There are an awful lot of articles popping up on bump mapping with hardware and multitexturing in general. One thing that seems to be overlooked in these articles is the downside to the method in which the PVRSG (PowerVR) does bump mapping. It only chooses a normal with which to bump against once per poly. The SGI shift/subtract embossing method actually interpolates the bump across the face where the normals are decided per vertex. The PVR method will definitely give artefacts (unless there's some hack that I don't know of to work around this) on the boundary of polygons where the normal changes abruptly. What you really want is a bump normal that is effectively interpolated across the surface. The embossing method doesn't exactly interpolate the normal, but it does interpolate the shift values for the embossing giving the appearance of a smooth bump mapped surface.
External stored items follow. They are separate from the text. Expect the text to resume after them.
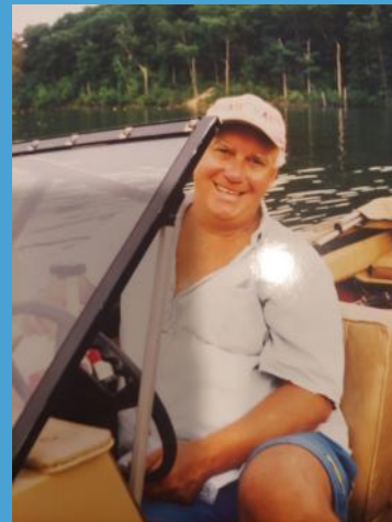
Enjoying time on Lake Holliday

Kiwanis Club of Winchester is successful because of its many volunteer members who give so freely of their time and effort.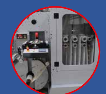
Inline/offline operation with buffer option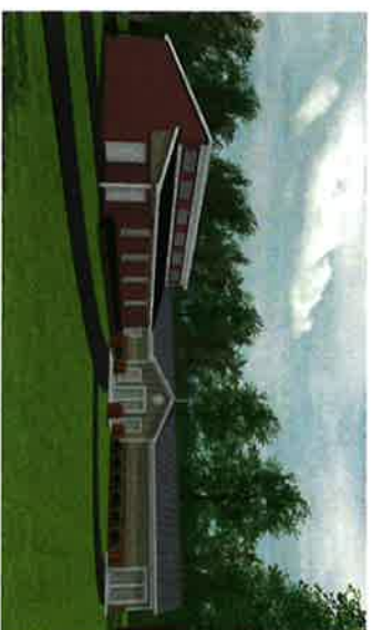
Rendering of our NEW Building

Thank you for your support of the new St. Mary's Religious Education and Parish Life Center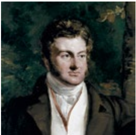
John Charles, 3rd Earl Spencer

Now if I understand his problem correctly than he is worried about the artefact that can pop-up at the border of the polygon where the sudden change is made between the base normal of one polygon and the other base normal of another polygon:





Now is that a problem... well yes if we assume that PVRSG does its perturbation relative to one normal per polygon then there is a problem at the edges. This is similar to using flat shading instead of gouraud shading. If you do not use any bumps at all so you just use the same normal to do all your light calculations than it is easy to see that we would be in the flat shading situation where one light intensity value is obtained for shading (the same light calculation is done for each texel) : the whole polygon gets a constant shade. The polygon next to it has a different normal so it will also have a different light intensity value so you will see a sudden change in shading colour between the two polygons:



Now that is indeed a problem because that would mean that at the edges of polygons you would get weird artefacts.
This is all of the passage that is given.